Ok. Life also sucks.

I don’t know about you, but I can think of a whole slew of things I’d like to be getting on with if the whole making-a-living business didn’t get in the way, and I find it quite easy to imagine that the more I was able to broaden my horizons, the more I would find I wanted to get on with.

What the atheist should really be depressed about is not the impossibility of finding out that he was right. Plenty of atheists, I seem to see, are perfectly happy to carry on as though the point was proved anyway, and it would take something really exceptional to convince them differently. They had better just carry on for all I care about it.

But the grounds for depression would be the objective fact that you are a statistically insignificant blob of molecules in the arse-end of the universe, existing for an infinitesimal time, ending soon for all eternity, and none of it matters in any objective, provable sense whatever. Feel free to tell yourself whatever comforting lies you like, but those are the cold facts. You are some bits of left-over supernova ash wandering around in an anomalous manner, and the universe doesn’t care two hoots.

The OP is just a rewording of Pascal’s Wager.

Well no Alessan. Pascal’s Wager involves (a) deciding Christian theism may be correct and (b) making a decision to become Christian based on that.

As I’m understanding the OP, **aldiboronti **disagrees with the first proposition (hence his depression) and doesn’t make the decision involved in the second proposition.

***This ***bit of leftover supernova ash has organised itself into self-awareness and some understanding of what the universe is, all by itself, with no deity involved.

That’s not in the least depressing!

It’s crap like this that makes people think we’re assholes.

I’d be more upset about never finding out what happened to Mork and Mindy.

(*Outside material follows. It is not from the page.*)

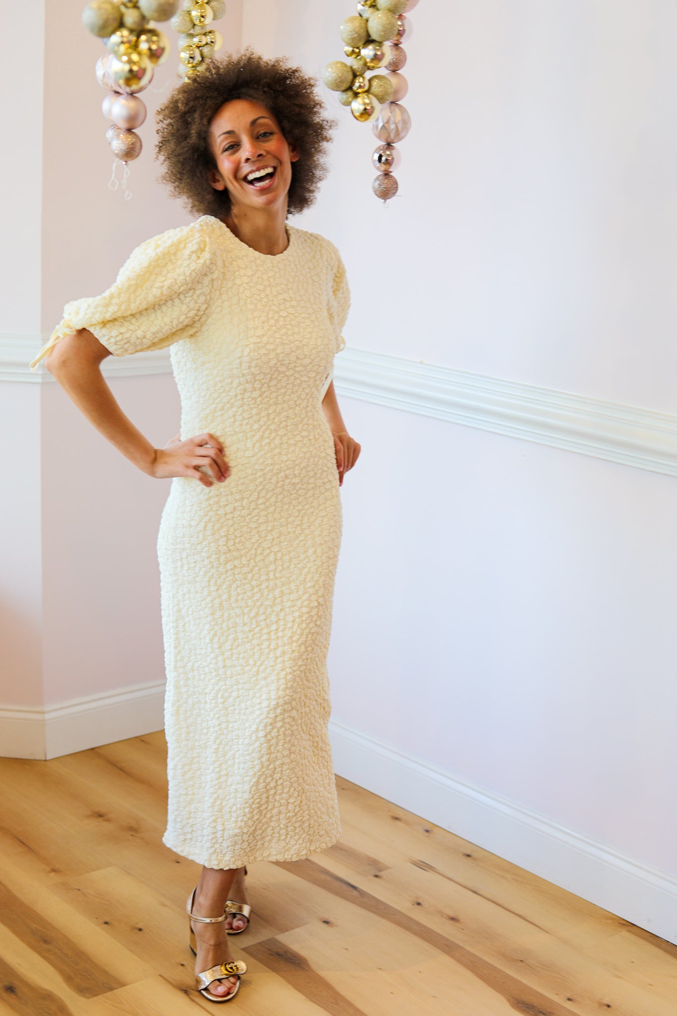 - A-line textured dress with puff sleeves that tie in a bow at the elbow.

“No gods” doesn’t necessarily mean “no afterlife”. If life is a simulation of some sort, run by other beings that are not gods, then there may well be some sort of afterlife. Or perhaps there’s something else – some other fantastical scenario – that doesn’t involve gods, and that no one’s thought of.

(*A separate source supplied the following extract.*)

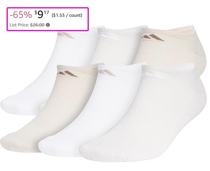 adidas Men’s Athletic Cushioned 6-Pack No Show Socks for $9.17 (Reg $26)!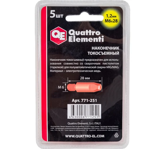 Наконечник токосъемный (5 шт; 1.2 мм; M6x28 мм) QUATTRO ELEMENTI 771-251

Not that any of this is particularly likely. But this atheist (me) is less certain of the non-existence of an after life than I am of the non-existence of gods (not that I’m absolutely certain in either case).

Exactly.

I don’t find that depressing, I find it liberating: quit focusing on an answer you can never know and focus on living the life happening right now the best you can.

Same thing with the question of Free Will: who cares when you still have to deal with your life every day?

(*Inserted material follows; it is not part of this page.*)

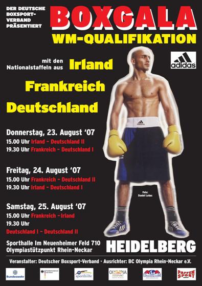 Gottlieb Weiss fährt zur WMBoxen vom Feinsten wurde drei Tage lang bei der zweiten Adidas Boxgala in Heidelberg von Donnerstag bis Samstag geboten, zudem war dieses besonders sportliche Ereignis vom Gastgeber, dem BC Olympia und den Mitarbeitern des Olympiastützpunktes bestens organisiert. Dem Sportdirektor des DBV, Helmut Ranze, ist es dabei gelungen, mit den Mannschaften aus Frankreich, Irland und zwei deutschen Vertretungen ein Programm zu bieten, das auch bei den zahlreich erschienenen Boxanhängern großen Anklang fand. Dort trafen vier Mannschaften nach dem berühmten „Round Robin-System“ aufeinander, ermittelten in sechs Veranstaltungen die beste Mannschaft und die deutschen Athleten für die im Oktober in Chicago stattfindenden Weltmeisterschaften. Frankreich präsentierte sich besonders stark und gewann auch den Mannschaftspokal dieser Adidas Boxgala 2007 mit 5.1 Punkten vor Deutschland I 3:3, Deutschland II 2:4 und Irland ebenfalls 2:4. Als bester Boxer des Turniers wurde der Ire Darren Sutherland auserkoren, der auch die stabilste Leistung vollbrachte.Mit dem Adidas Gürtel wurden die erfolgreichsten Boxer in den einzelnen Gewichtsklassen ausgezeichnet:51 Kg: Ronny Beblik (GER I), 54 Kg: Ali Halab (FRA), 57 Kg: Khedafi Djelkhir (FRA), 60 Kg: Daouda Sow (FRA), 64 Kg: Alexis Vastine (FRA), 69 Kg: Jack Culcay-Keth (GER II), 75 Kg: Darren Sutherland (IRL), 81 Kg: Kenneth Egan (IRL), Rene Krause (GER II) Gottlieb Weiss (GER I) je zwei Siege, 91 Kg: Alexander Povernov (GER I) +91 Kg: Stefan Köber (GER I). Tribut zollen mussten schon vor dem Turnier und während der Gala einige Athleten des DBV, so konnten Rustam Rahimov und Harun Sipoahi wegen Verletzungen nicht antreten, auch durften Andreas Propp, Marcel Herfurth, Artur Schmidt, Alexander Miller wegen teilweise leichteren Blessuren nicht mehr in den Ring klettern. Überzeugende deutsche Boxer waren Ronny Beblik, Jack Culcay-Keth, Gottlieb Weiss, trotz einer Niederlage, Alexander Povernov und Stefan Köber. Während der Pressekonferenz nach der letzten Veranstaltung wurde das Team von Deutschland für die WM in Chicago vom Sportdirektor Helmut Ranze nominiert: 51 Kg: Ronny Beblik (BC Chemnitz) 54 Kg: Rustam Rahimov (Velberter BC) 57 Kg: Marcel Herfurth (SV Halle) 60 Kg. Artur Schmidt (VfB Marl-Hüls) 64 Kg: Martin Dressen (BSC Schwerin) 69 Kg: Jack Culcay-Keth (TG Darmstadt) 75 Kg: Konstantin Buga (NSF Berlin-Neukölln) 81 Kg: Gottlieb Weiss (BAC Hockenheim) 91 Kg: Alexander Povernov (BC Gifhorn) ü91Kg: Stefan Köber (BC Frankfurt/O)

Sure. And it will still all be for nothing - indeed, it’s only yourself that’s trying to make out it means anything in the first place. Your molecules organised themselves with no conscious effort on your part or anyone else’s, and the only reason you prize self-awareness is that you have it (or at any rate enough of it to kid yourself that you have a meaningful amount of it) and some random asteroid doesn’t. It’s still just whistling to keep the dark away.

There may be an afterlife that’s a natural extension of this life; no god involved. And wouldn’t it be a hoot if heaven exists . . . and only atheists are allowed in.

Of course I know I’m right* - what do you think I am, some kind of agnostic?

  • I am not, in fact, an atheist. I’m a theological noncognitivist. But I’m still right.

Only those who believe in an afterlife have a chance of finding out they’re right. My own belief is that there is no heaven but there is a hell and I’ll be the only one there. So it is kind of depressing.

It’s all for nothing? What *should *it be for? My life is my life, it’s all that I have, it’s all I will ever have. My kids will remember me after I’m gone, my grandchildren may have some vague memories that I existed, and that will be it.

Point is, I won’t have made a lasting impression on all the generations to come after me. Why should that bother me?

My life isn’t perfect: most of the time I dislike my job, I’m pretty anti-social and have few friends. Through my work, I see a lot of misery.

Those friends I do have, I am very close to, and I have a loving family. I treasure my wife and children. I read, and try to do things with my family that we enjoy, and that will give us all some happy memories.

Some day I’ll die. That doesn’t suck. It’s the human condition.